What annual rate of interest is required to double an investment in 3 years?
i tried solving this but got .23 instead of 26%
I know at 7% interest an investment will double in 10 years, but this doesn't help you.
let me see what I can find
is your problem simple interest?
I think so, yes A = Pe^(r)(t)
To find the annual rate of interest required to double an investment in 3 years, you can use the compound interest formula:
A = P(1 + r/n)^(nt)
Where:
A = the future value of the investment
P = the principal amount (initial investment)
r = the annual interest rate (in decimal form)
n = the number of compounding periods per year
t = the number of years
In this case, we know that the future value A is twice the principal amount P, so A/P = 2. We also know that the investment is made for 3 years, so t = 3.

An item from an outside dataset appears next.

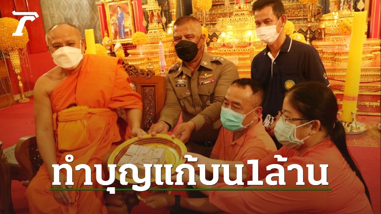 สำหรับการทำบุญครั้งนี้ ร.ต.อ.วินัย ได้ทำตามคำแก้บนที่บนไว้กับหลวงพ่อเพชร พระประธานในโบสถ์วัดท่าหลวง พระพุทธรูปเก่าแก่คู่บ้านคู่เมืองพิจิตร พระพุทธรูปปางมารวิชัย ศิลปะเชียงแสนที่มีอายุกว่า 800 ปี เป็นพระพุทธรูปที่พุทธศาสนิกชนชาวพิจิตรและจังหวัดใกล้เคียงเคารพนับถือในความศักดิ์สิทธิ์ โดย ร.ต.อ.วินัย ก่อนถูกรางวัลที่ 1 ได้บนไว้ว่าขอให้ถูกลอตเตอรี่รางวัลที่ 1 ตนและครอบครัวจะนำเงินไปทำบุญเพื่อสร้างหลังคาโบสถ์ที่ทางวัดท่าหลวงกำลังซ่อมแซมอยู่ 1 ล้านบาท โดยได้ซื้อเลขทะเบียนของรถตู้ยี่ห้อโตโยต้าสีเทา ของตนเอง ทะเบียน ฮย 5750 กทม.ที่ค้างส่งมาหลายงวด และเมื่อลอตเตอรี่ออกก็ถูกรางวัลที่ 1 5 ใบ จำนวน 30 ล้านบาท จึงได้แก้บนในวันนี้ตามที่ได้ลั่นวาจาไว้

Substituting these values into the formula, we get:
2 = (1 + r/n)^(n*3)
Now, we can solve for the annual interest rate (r). However, it's important to note that the formula assumes compounding at regular intervals, which is not specified in the question. Therefore, we'll assume it compounds annually (n = 1).
2 = (1 + r/1)^(1*3)
2 = (1 + r)^3
To solve for r, we can take the cube root of both sides:
∛2 = 1 + r
r = ∛2 - 1
Now, we can calculate the value of r:
r = ∛2 - 1
r ≈ 0.2609
Therefore, an annual interest rate of approximately 26.09% is required to double an investment in 3 years.